Type
- Type: Unicameral
- Term limits: 5 years

History
- New session started: 14 August 2024

Leadership
- Speaker: Budi Prasetyo, S.Sos., M.A.P., PDI-P since 16 October 2024
- 1st Vice Speaker: Daryono, S.T., PKS since 16 October 2024
- 2nd Vice Speaker: Muhammad Bilal, PSI since 16 October 2024
- 3rd Vice Speaker: Ardianto Kuswinarno, S.H., Gerindra since 16 October 2024

Structure
- Seats: 45
- Political groups: PKB (2) Gerindra (5) PDI-P (20) Golkar (3) PKS (7) PAN (3) PSI (5)

Elections
- Voting system: Open list
- Last election: 14 February 2024

Meeting place
- Surakarta City Regional House of Representatives Building Adi Sucipto Street Number 143 Karangasem, Laweyan, Surakarta Central Java, Indonesia

Website
- dprd.surakarta.go.id

= Surakarta City Regional House of Representatives =

The Surakarta City Regional House of Representatives (Dewan Perwakilan Rakyat Daerah Kota Surakarta, DPRD Kota Surakarta) is the unicameral municipal legislature of Surakarta, Central Java, Indonesia. It has 45 members, who are elected every five years, simultaneously with the national legislative election.

== Legal basis ==
The legislature for Surakarta was formed along with those of other cities in Central Java under Law Number 16 of 1950, which organized city governments within the province.

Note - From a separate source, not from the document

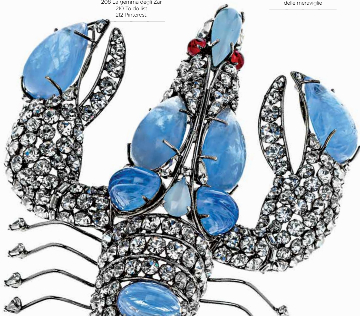
Lobster Brooch by Iradj Moini, 1995.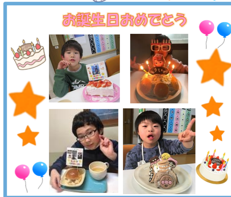
お誕生日おめでとう

== General election results ==

=== 2024 Indonesian legislative election ===
The official valid votes received by political parties contesting the 2024 Indonesian legislative election in each electoral district (constituency) for members of the Surakarta City Regional House of Representatives are as follows.

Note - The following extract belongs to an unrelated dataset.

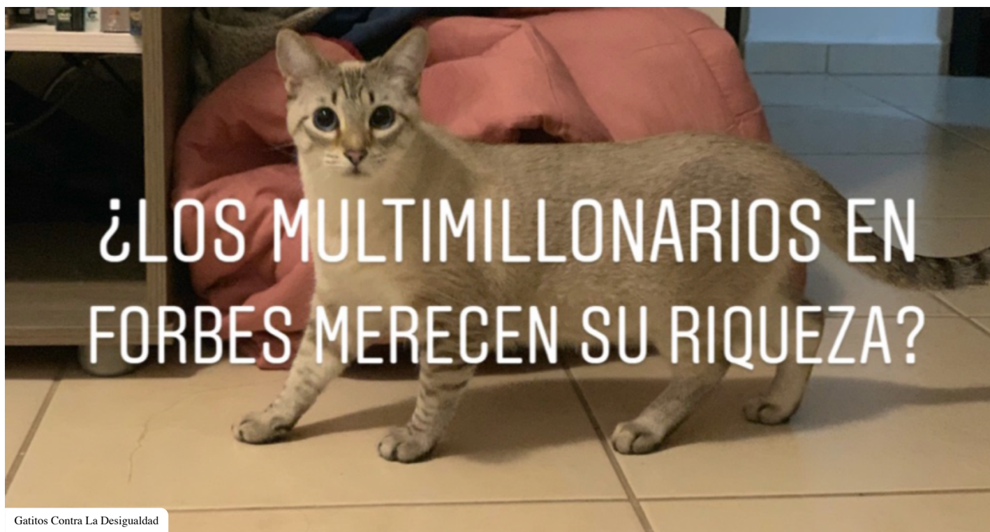
Gatitos Contra La Desigualdad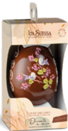
UOVO GRAN DECORO LATTE 360g

Electoral district: PKB; Gerindra; PDI-P; Golkar; NasDem; Labour; Gelora; PKS; PKN; Hanura; Garuda; PAN; PBB; Democratic; PSI; Perindo; PPP; Ummat; Valid votes
Surakarta City 1: 6,063; 8,676; 33,949; 4,345; 2,843; 388; 196; 11,321; 36; 125; 243; 4,930; 62; 1,360; 8,556; 569; 500; 1,176; 85,338
Surakarta City 2: 2,401; 4,884; 23,069; 6,491; 1,248; 341; 198; 9,778; 21; 74; 82; 2,937; 259; 619; 9,343; 423; 529; 357; 63,054
Surakarta City 3: 872; 4,950; 23,829; 3,583; 1,465; 333; 103; 10,230; 37; 65; 83; 1,159; 42; 2,531; 7,384; 834; 202; 262; 57,964
Surakarta City 4: 668; 6,568; 18,750; 3,620; 306; 369; 160; 8,983; 2,304; 48; 81; 4,319; 34; 742; 4,229; 378; 2,589; 115; 54,263
Surakarta City 5: 3,552; 9,654; 43,836; 3,296; 1,370; 543; 354; 10,927; 105; 164; 289; 3,828; 54; 1,414; 10,070; 890; 1,420; 395; 92,161
Total: 13,556; 34,732; 143,433; 21,335; 7,232; 1,974; 1,011; 51,239; 2,503; 476; 778; 17,173; 451; 6,666; 39,582; 3,094; 5,240; 2,305; 352,780
Source: General Elections Commission of Indonesia

== Composition ==
The following is the composition of members of the Surakarta City Regional House of Representatives in the last four periods.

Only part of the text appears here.